Integrating ScrapeGraphAI with ADK: Complete Guide

Agent Development Kit (ADK) is a powerful framework that enables you to create intelligent AI agents using Google's models like Gemini and supports the use of other generative AI models. ScrapeGraphAI provides a complete MCP (Model Context Protocol) server that seamlessly integrates web scraping, crawling, and structured data extraction with ADK agents.

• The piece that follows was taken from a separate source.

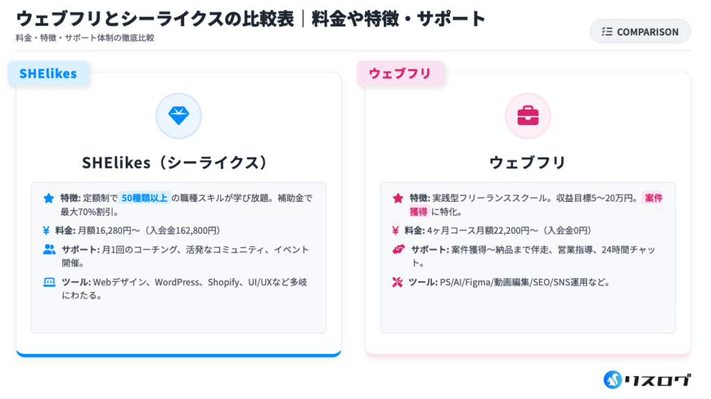 幅広い分野を試しながら、自分に合ったスキルを見つけたい方に最適です。一方でウェブフリは「稼ぐこと」をゴールにした実践型スクールで、WebデザインやSEOライティング、SNS運用など需要の高い6つのコースから選択可能。

In this tutorial, we'll discover how to combine these two technologies to create advanced AI agents capable of navigating the web, extracting information, and transforming it into ready-to-use structured data.

What is ADK?

Agent Development Kit (ADK) is a modern framework for developing AI agents using Google's Gemini models and supports the use of other generative AI models. ADK agents can:

Communicate naturally with users
Utilize external tools through the MCP protocol
Handle complex workflows with multi-step reasoning capabilities
Extract and process data from various sources

Why ScrapeGraphAI with ADK?

ScrapeGraphAI is an AI-powered platform for web scraping that offers:

Structured extraction: Transforms HTML into structured JSON using AI
Intelligent crawling: Automatically navigates complex websites
JavaScript support: Handles sites with heavy client-side rendering
MCP protocol: Standard integration with frameworks like ADK

By combining these technologies, you can create agents capable of:

Automatically searching for information on the web
Extracting structured data from web pages
Monitoring sites for changes
Gathering market intelligence
Automating complex research

Installation

To get started, you need to install the ScrapeGraphAI MCP server. The server is available as a Python package (requires Python 3.13 or higher):

pip install scrapegraph-mcp

Also make sure you have ADK installed:

pip install google-adk

Initial Setup

Before using ScrapeGraphAI with ADK, you'll need a ScrapeGraphAI API key. You can obtain it from the ScrapeGraphAI dashboard.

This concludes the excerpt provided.